Our technological desires are forecast in fiction

I can't seem to get my LibraryThing widget to render properly with this template, so I'm just going to have to tell you that I'm reading a remarkable book called Killing Monsters: why children NEED fantasy, super-heroes, and make-believe violence. There are so many passages that I want share with out but I'm going to start out with just one:

What draws a child to any fantasy is its emotional power. No six-year old seizes a toy or TV show because he thinks it will improve him or feels it validates his taste or opinions. That's why Isaac Bashevis Singer said that "children are the only honest readers." Every toy marketer knows that no advertising will induce a child to want something that doesn't match up with the fantasies he already has. A little girl who already yearns for the power of glamour and the chamleonsque versatility of dress-up may have her fantasies focused and intensified by a Barbie commercial. But not even a thousand viewings of that commercial will make her macho brother want a Barbie. Either children connect with a fantasy at the profoundest emotional levels or they quickly toss it aside.
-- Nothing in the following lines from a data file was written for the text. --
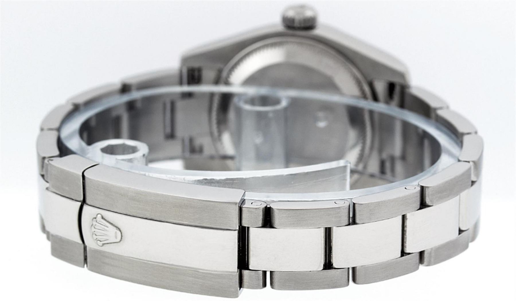 One Ladies Quickset Stainless Steel Rolex Datejust Polished Bright with Satin Finish, Serviced & Electronically Tested, Stainless Steel Case: 26mm, Stainless Steel Crown, Bezel: Stainless Steel Smooth Bezel. Custom Crystal: New Scratch Resistant Sapphire Cyclops Lens. Custom Hands: New Luminescent Hands. Movement: Automatic Winding Movement. Custom Dial: Green Vignette Single Cut VS Diamond Dial, Diamond Count: 10 Single Cut Diamonds In Dial, Color: G to H, Clarity: VS. Date Window: 3 O'Clock Position Date Display, Model: 179160 Quickset Datejust. Condition: G-6 Extra Fine. Bracelet: Stainless Steel Oyster Band. Bright Polish & Satin Finish. 6.0 Inch Length, Adjustable. Standard Clasp, With Rolex Logo. This Watch Has Been Serviced Time Tested And Is In Excellent Condition It Is Free Of All Scratches And Dents.
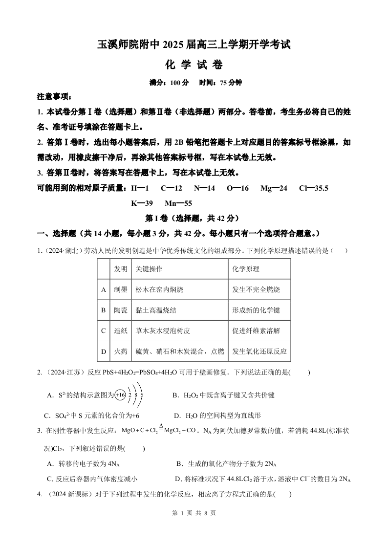 云南省玉溪师范学院附属中学2024-2025学年高三上学期开学检测 化学
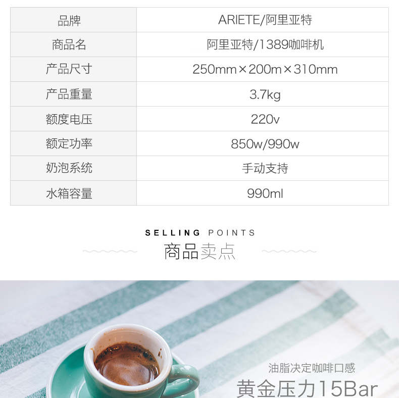 Ariete Ariete Army 1389 Retro Итальянская полуавтоматическая кофемашина защита от качества домохозяйства 1 год в год

There are two reasons I wrote out this quote. First, I wanted to showcase what rare combination of common sense and emotional understanding that Gerard Jones brings to the subjects of children, violence, gender, media and desire.

And secondly, I want to borrow this idea that many of our decisions are made because they, often unconsciously, connect with an underlying desire or fantasy. For example, I would suggest that many people over the course of history has held the dream of a single, portable book being able to express the entire sum of the world's knowledge. Before it became manifest as Wikipedia, it existed and was expressed as the Hitchhiker's Guide to the Galaxy.

So in order to understand the future of our technology, perhaps we should read a little fantasy first. I personally hope that Jakob Nielsen is right and that In the Future, We'll All Be Harry Potter.

And now its time for my audacious prediction: I predict that in the future that our laptops will develop and evolve to become our dæmons/familiars.